What I am about to say does not apply to a small minority of divorce cases - those where spousal abuse or child abuse is involved, or where one spouse is a control freak, etc. But for the vast majority of divorce cases, minimizing involvement with our court system is the way to go. You can believe that the advice I am giving you is heartfelt because as an attorney, it certainly is not self serving for me to advise people seeking a divorce to avoid seeing a divorce lawyer early on. Based on my personal experience, it is my opinion that the courtroom is the worst possible place to resolve marital problems.
Our adversarial legal system is much better equipped to resolve contract disputes and personal injury claims than it is to settle marital dissolution. Generally, litigating divorce matters only increases the animosity and hurt on both sides. Our adversarial legal system is based on argument and conflict. Each side’s goal is to win, to beat the other side. Emotions spiral out-of-control and as far as strategy and tactics are concerned, all becomes fair in love and war. This is a pitiful way to resolve marital disputes.

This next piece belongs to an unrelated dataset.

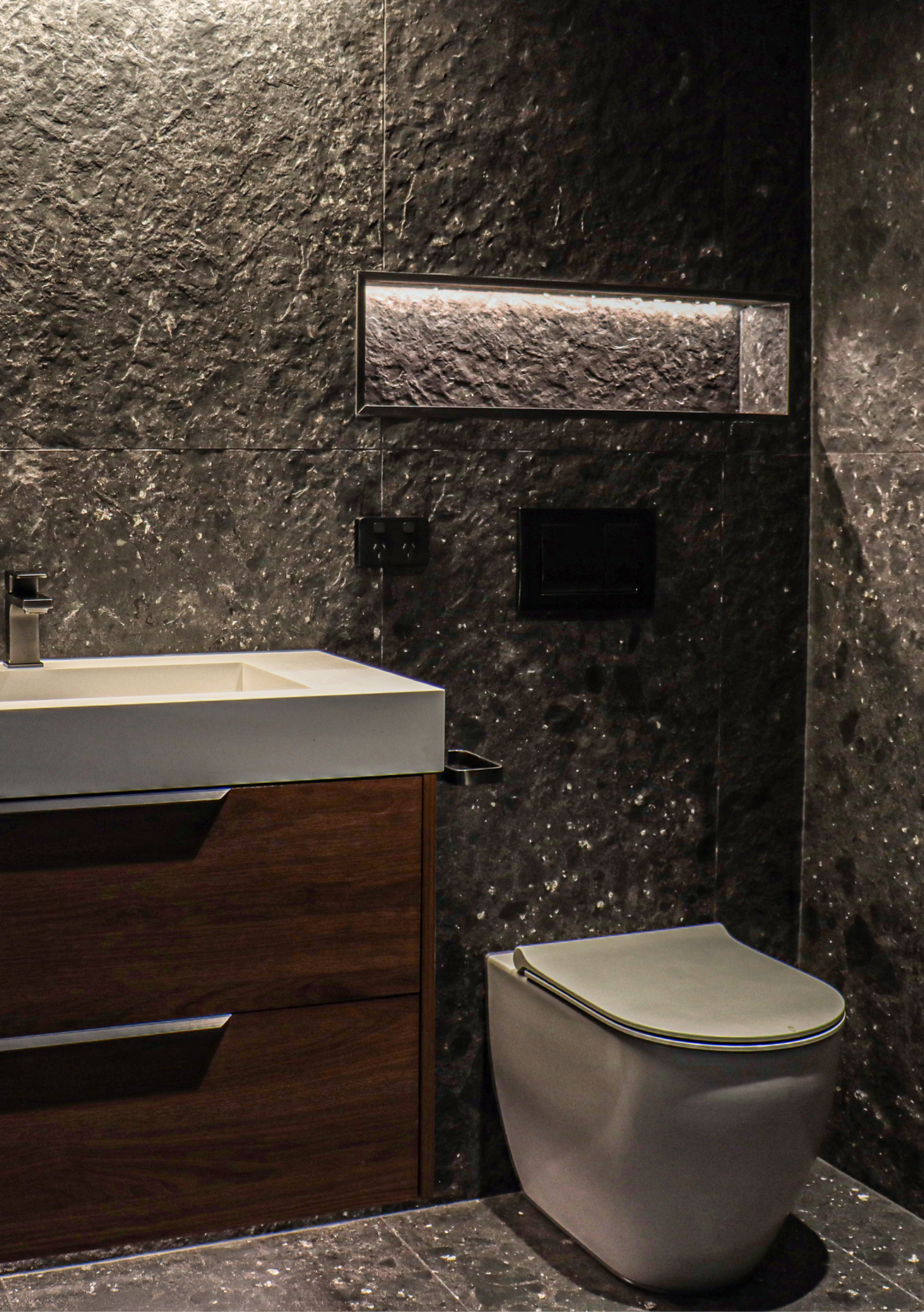Executing a project of this complexity with a client based predominantly overseas required a seamless level of trust and communication. We managed the entire process remotely, ensuring that the transition from concept to installation was flawless. We extended this design language beyond the kitchen, crafting custom bathroom vanities that carry the dark, textural theme throughout the home, proving that consistency is key to luxury.

Instead of starting the divorce process by visiting a lawyer, sit down and talk rationally with your spouse. If the two of you can amicably reach an agreement on all necessary issues, such as child custody, child support, division of assets and debts, etc., I can guarantee that you will be much, much happier in the long run. By resolving matters on your own, you remain in control of your life. This will certainly lead to a better emotional state for yourself and will help to reduce the financial cost associated with divorce.
If you and your spouse cannot agree on the terms of the divorce, I would suggest that you need a mediator more than a lawyer. Inability to reach agreement is usually more about hurt feelings than legalities. Before you run to a divorce lawyer, be mindful of the fact that the more disagreement and fighting there is, the more money you’ll be paying in legal fees. In mediation, you and your spouse will sit down with an unbiased third party who will help you and your spouse reach an agreement. The mediator is trained to help balance bargaining power, to prevent bullying, to keep the discussion on point, and to assist you in reaching common ground.
Once agreement has been reached, you can draft the necessary legal documents and represent yourself in court, or you can hire an attorney to draft the documents and walk you through the legal maze for a reasonable fee.